The Home Office started working with Cozart in July 2001. The first project
was testing arrested suspects for illegal drug use in just three areas -
Stratford and Hackney in London, and Nottingham. By March 2003 the scheme
was covering 77 sites.

The project has been extended again, and teenagers will be tested in 10 new
target areas: Bradford, Calderdale, Hull, Liverpool, Manchester,
Middlesbrough, Nottingham, and Camden, Newham and Southwark in London.

The tests will involve teenagers charged with offences such as burglary,
car crime and theft. The aim is to combat the links between teenagers and
drugs and crime. Offenders charged with these offences, aged 14 to 17, who
test positive for illegal drugs, could be sent for rehabilitation treatment.

Burglary, theft and car crime have often been linked to drug taking. The
chief constable of Avon and Somerset, Steve Pilkington, has said that drugs
have been responsible for the soaring crime figures in Bristol reported in
2002 - robberies in the West Country city increased by 77 per cent, and car
crime and burglaries by 30 per cent.

Before Cozart's pioneering techniques, a sample of blood, hair or urine had
to be sent to a laboratory to test for illegal drugs. Cozart, however, has
developed the world's first onsite, portable drugs test system.

The system, now being put into action in Britain, is painless and requires
only a swab of saliva from the suspect. This is placed in a mobile-phone
sized machine, which analyses the sample and detects illegal drugs.

Rather like the roadside breathalyser used on drivers, the portable drug
test yields results in a matter of min utes. The device, known as Rapiscan,
will not be used for alcohol testing but it can detect traces of cocaine,
crack, heroine and speed, and can test simultaneously for five different
class-A drugs. Although in the UK use of the device will restricted to hard
drugs, the system can easily be modified to detect cannabis and alcohol.

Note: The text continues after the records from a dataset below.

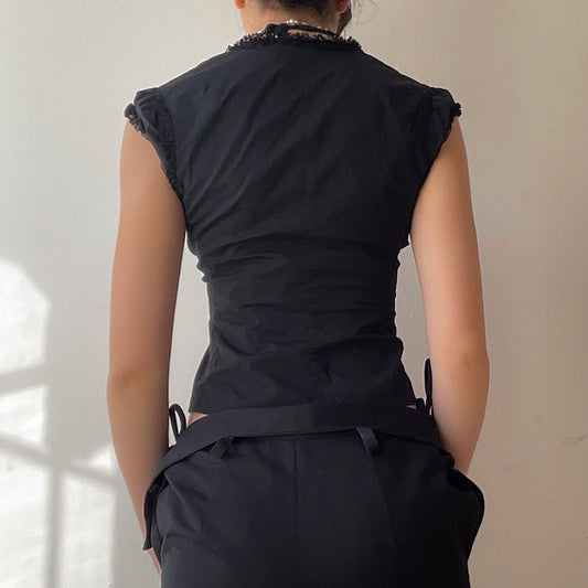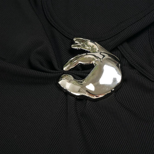 Black Ribbed Hand Detail Vest Top – Metal Pinch Design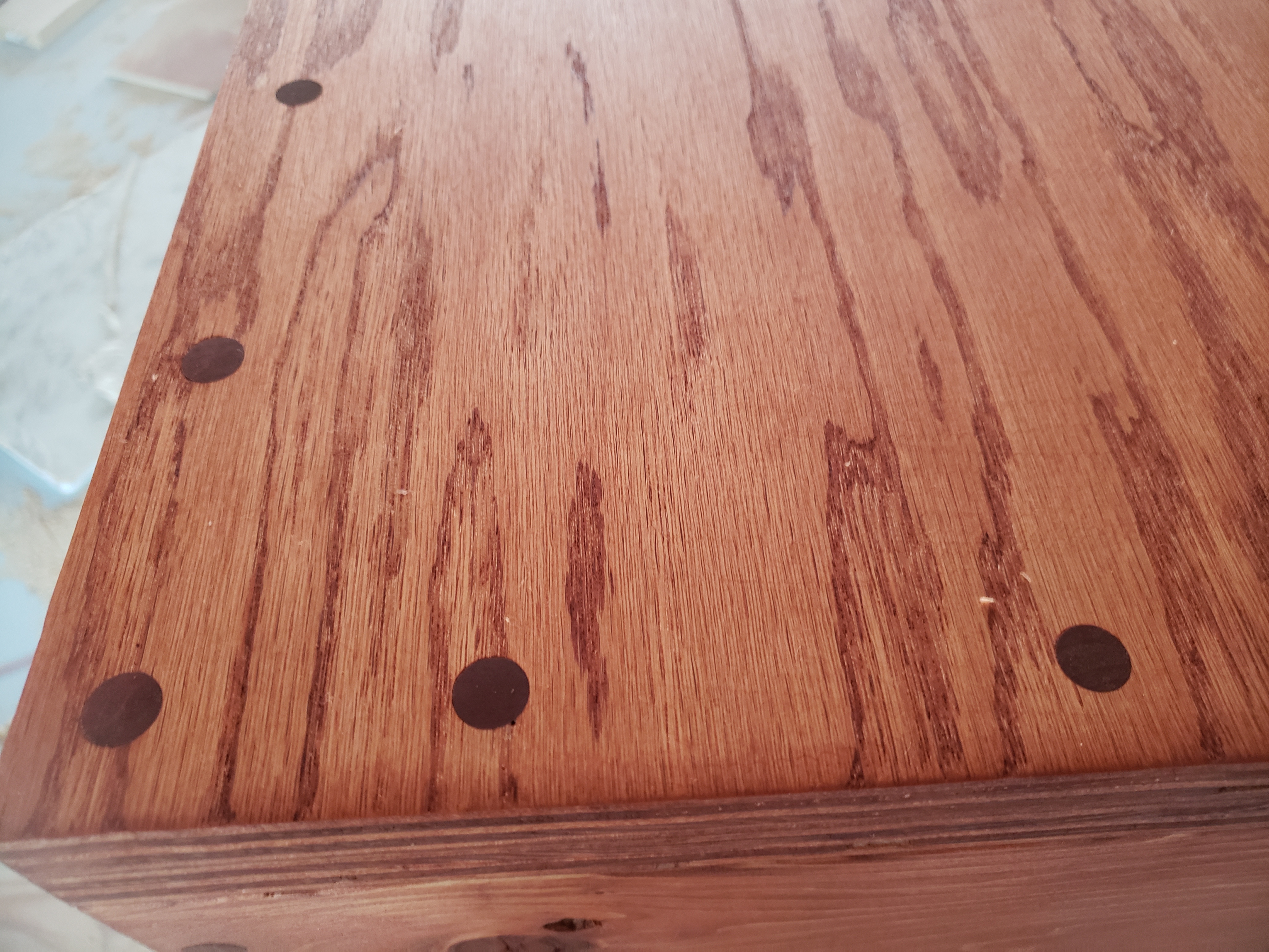 Need to oil removable shelves on the ends and rough sand the spot in the middle to see if I can get stain to take.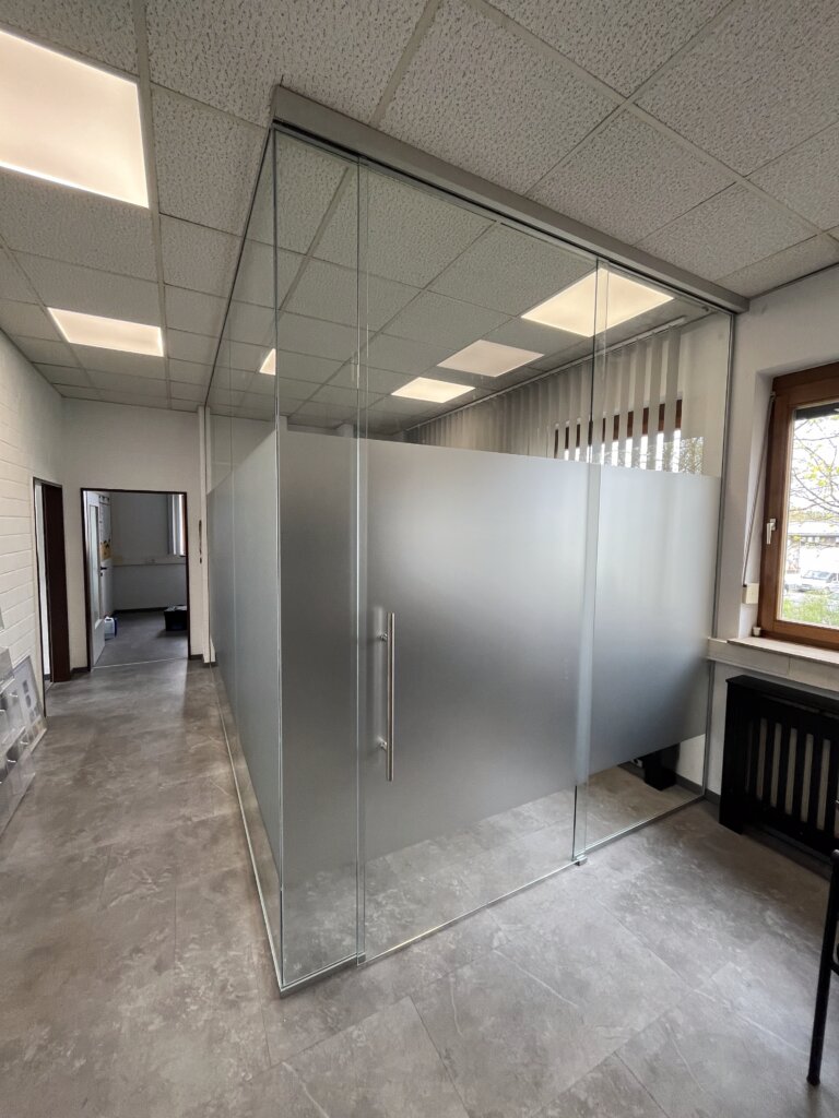Ob im modernen Büro, in der Praxis oder im privaten Wohnbereich – Glastrennwände sorgen für Transparenz, Ruhe und eine angenehme Raumakustik. Wir planen jede Anlage individuell und setzen sie mit höchster Präzision um. Dabei kommen ausschließlich Sicherheitsgläser zum Einsatz, die Stabilität und Langlebigkeit garantieren.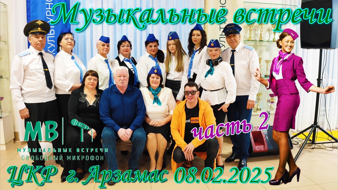 Музыкальные встречи 8 февраля 2025 г. в ЦКР г. Арзамас, часть 2 Концерт к Дню Гражданской Авиации В программе принимали участие: Арина Борисова Стас Наумов Светлана Колотовкина Евгений Воронин Светлана Синякова Игорь Самохвалов Елена Зуева Евгений Железнов Наталья Железнова Елена Грачёва Екатерина Самойленко Нинэль (Нина Родина) Звукорежиссер: Андрей Корчёмкин Видеооператоры: Лариса Наумова и Вера Князева
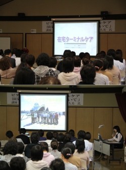 5月21日(月)18:30から地域交流ホームいずみ館で、5月の園内研修があり、127人の当園職員が参加しました。 今回は2部構成で、1部は「在宅ターミナルケア」についてのビデオ学習で、現在、在宅でのターミナルケア(終末期ケア・緩和ケア)が多くなってきていますが、このケアについての基本的な考え方や利用者、家族との向き合い方などを、施設内職員で共有するためのビデオ学習でした。 2部は「介護保険サービスセンター」の東主任による「豪州福祉事情について」と題して、本年2月4日から11日にかけてソウエルクラブ海外研修で、オーストラリアでの幼稚園と高齢者福祉施設、ニュージーランドでの障がい者支援施設と高齢者福祉施設を視察した現状報告でした。 視察した感想は、「オーストラリアの社会保障制度、ケアについては、先駆的な取り組みがすでに浸透している。しかし日本でも、科学的、理論的根拠に基づいたケアが追及され、決して劣るものではない。」ということでした。 (研修委員会) |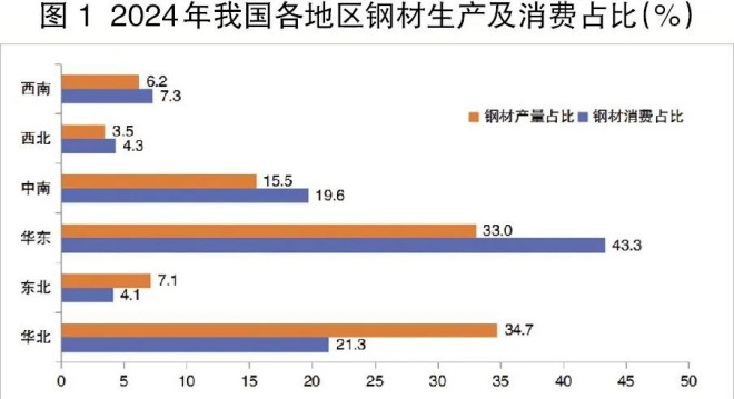 目前,我國存在區域鋼材供需錯配現象。比較突出的是,華北、東北地區鋼材產量大于消費,而華東、中南等地區鋼材產量小于消費。2024年,我國鋼材產量最大的華北地區全國占比達34.7%,而鋼材消費僅占21.3%;東北地區鋼材產量全國占比7.1%,而鋼材消費占比僅4.1%;華北和東北為全國唯二的鋼材凈流出地區,而華東、中南、西南和西北地區均為鋼材凈流入地區,導致我國“北鋼南運”局面的形成。(見圖1)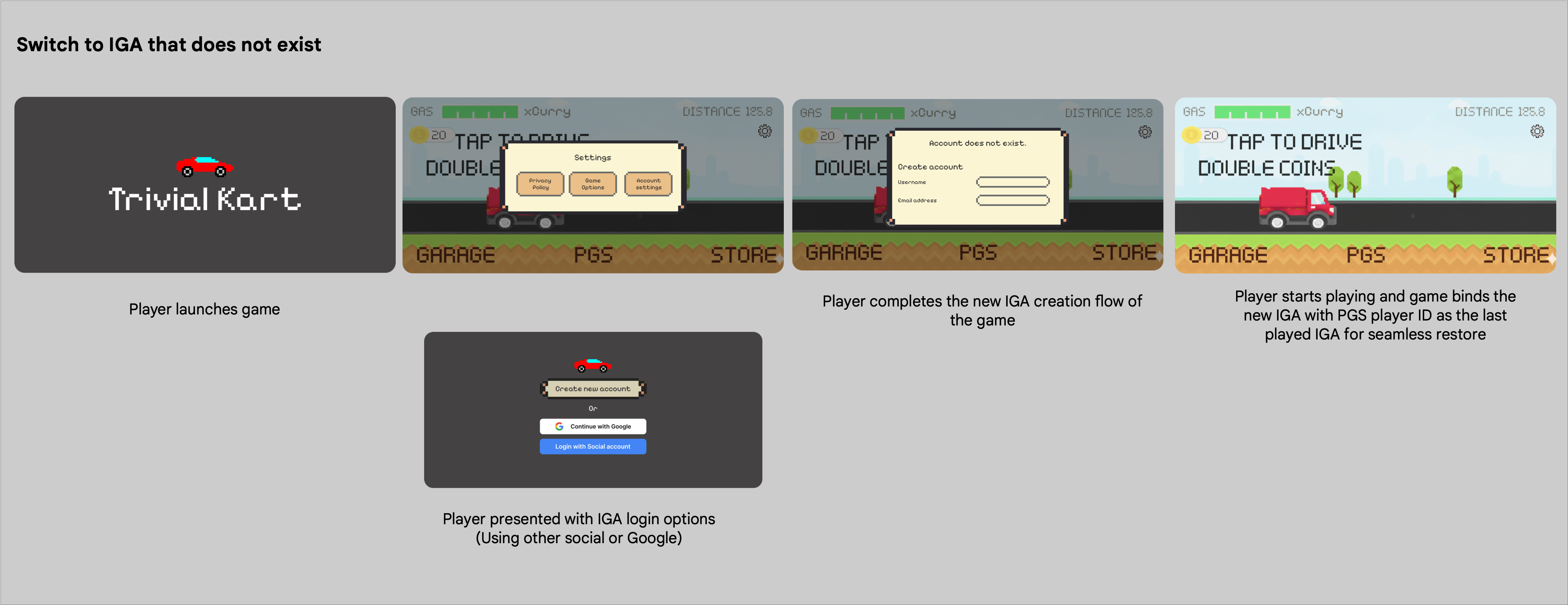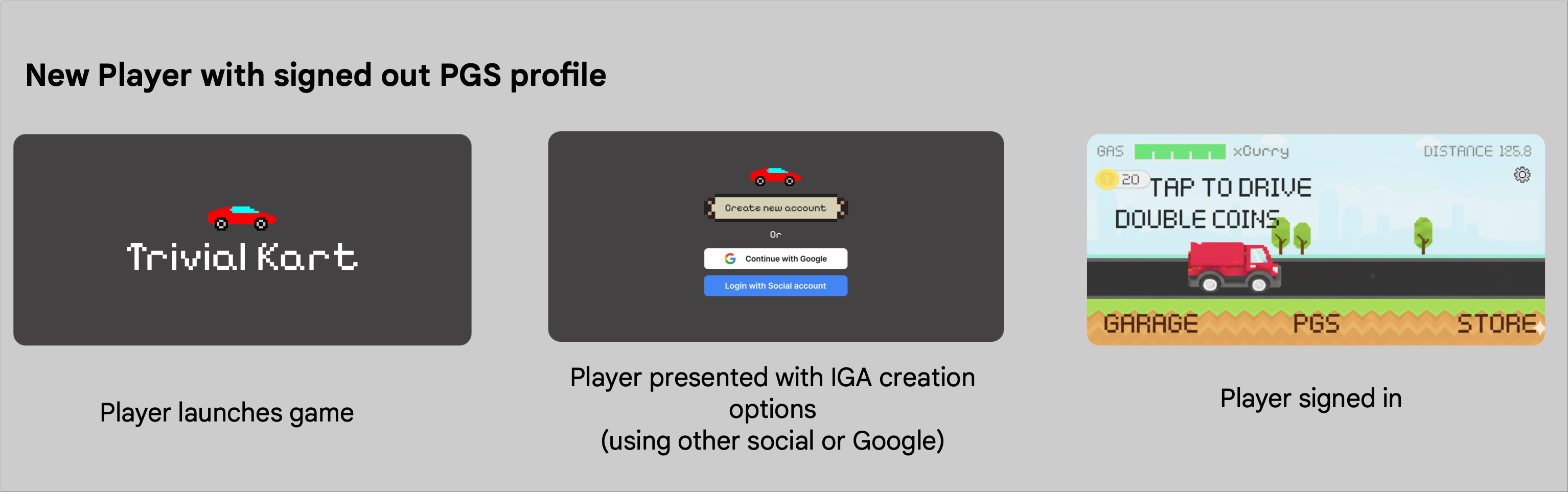 - After this background handshake, the game displays IGA creation options to the player, for example, Create new account, Sign in with Google, or other social login methods.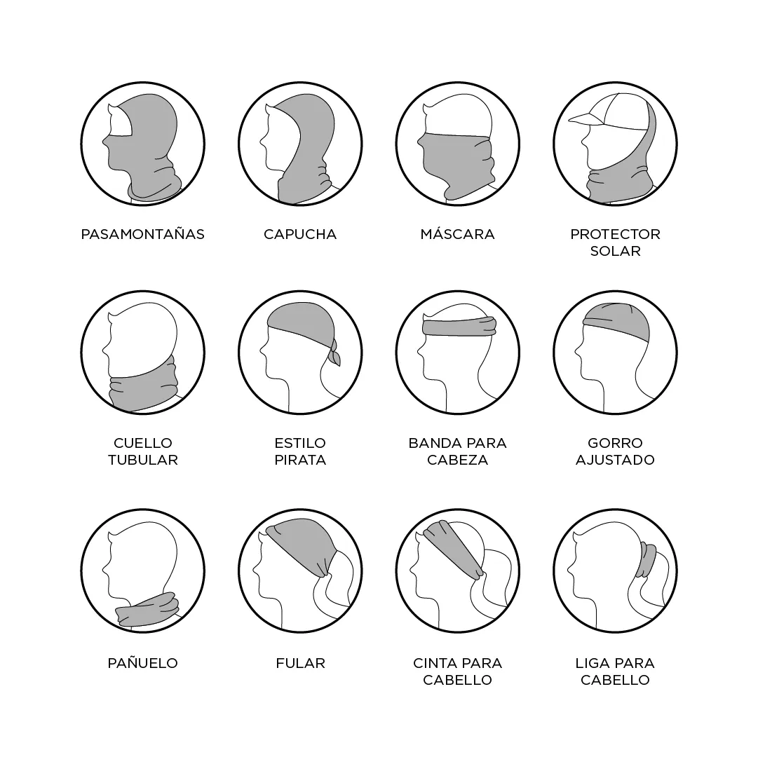 Se puede usar como ropa informal o al aire libre, donde ofrece protección contra el sol, el viento, el polvo y los insectos en verano y mantiene el cuello y la cabeza calientes en invierno. Se puede usar como gorro, gorra estilo pirata, fular, forro de casco, polaina para el cuello, pasamontañas, protector contra el polvo, bufanda, bandana o muñequera.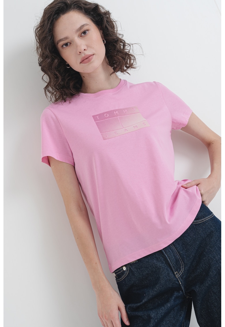 Характеристики Цвят: розово – прашно розово Принт: лого Материал: памук – вискоза Кройка: стандартна Модел: обло Дължина ръкав: къс ръкав Състав Външна част: 70% памук – 30% вискоза Информация за модел Моделът е облечен с размер S. Размер на модела: 177 cm височина – 85 cm Гръдна …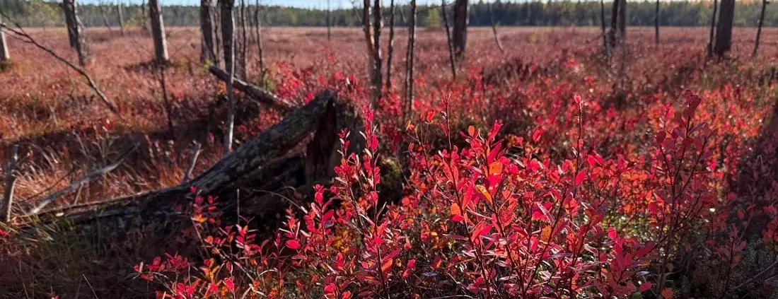 On Kainuun ruskahuippu, kun lokakuussa 2025 lähden tekemään kunnolla tuttavuutta kainuulaisten soiden kanssa Teerisuon-Lososuon alueelle. Olen liikkeellä etätyöpäivän jälkeen. Iltapäivä on lähes pilvetön, ja heti autolta lähtiessä tunnen, että alkuillasta on tulossa kirpakka lämpötilan hiipiessä lähelle nollaa.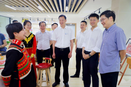 刘向鸿一行来到学校民族团结进步爱国主义教育基地,实地调研了四川省民族事业发展专项资金项目建设、运行、效用发挥情况,并与基地现场制作扎染、剪纸、秸秆画等地方非物质文化遗产的民族学生亲切交流,了解他们的学习、生活情况。刘向鸿鼓励学生们在文化交融中团结互助,既要传承好中华优秀传统文化,也要勇于开拓创新,做中华民族伟大复兴的时代新人。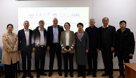 本学期开学初,德国巴符州双元制大学略拉贺校区代表团一行5人来KY开元集团官网商谈合作。KY开元集团官网院长卞建华教授、前院长刘德章教授、副院长曹杉副教授、德语系主任綦甲福教授、德语系副主任王学博老师接待代表团一行。卞建华向代表团介绍了KY开元集团官网的总体发展情况,綦甲福介绍了德语系目前的国际交流合作情况。巴符州双元制大学略拉贺校区企业经济管理学旅游专业主任Weislämler教授介绍了该校企业经济管理学旅游专业的相关情况。德方代表团还与在场的德语系高年级本科生进行了互动交流,并介绍了该校的暑期大学项目。之后双方围绕如何开展合作进行了深入交流。

Caroline Flint, the Home Office Drugs Minister, said last week: 'Overall
crime is falling but class-A drugs are still the cause of many crimes. By
targeting drug-using offenders early we can get them into treatment and
away from a life of crime.'

The scheme will be aimed especially at teenagers, whom the Home Office
believes are vulnerable to the growing drug-taking culture and more likely
than others to experiment with drugs. Two-thirds of teenagers are estimated
to have tried an illegal drug and about a third use recreational drugs
regularly.

The drug-testing scheme is part of the Government's criminal justice
interventions programme designed to work against drug-related crime, and
costs UKP500m over three years.

Cozart was founded in 1993 by two brothers, Christopher and Phillip Hand,
who are now managing director and finance director.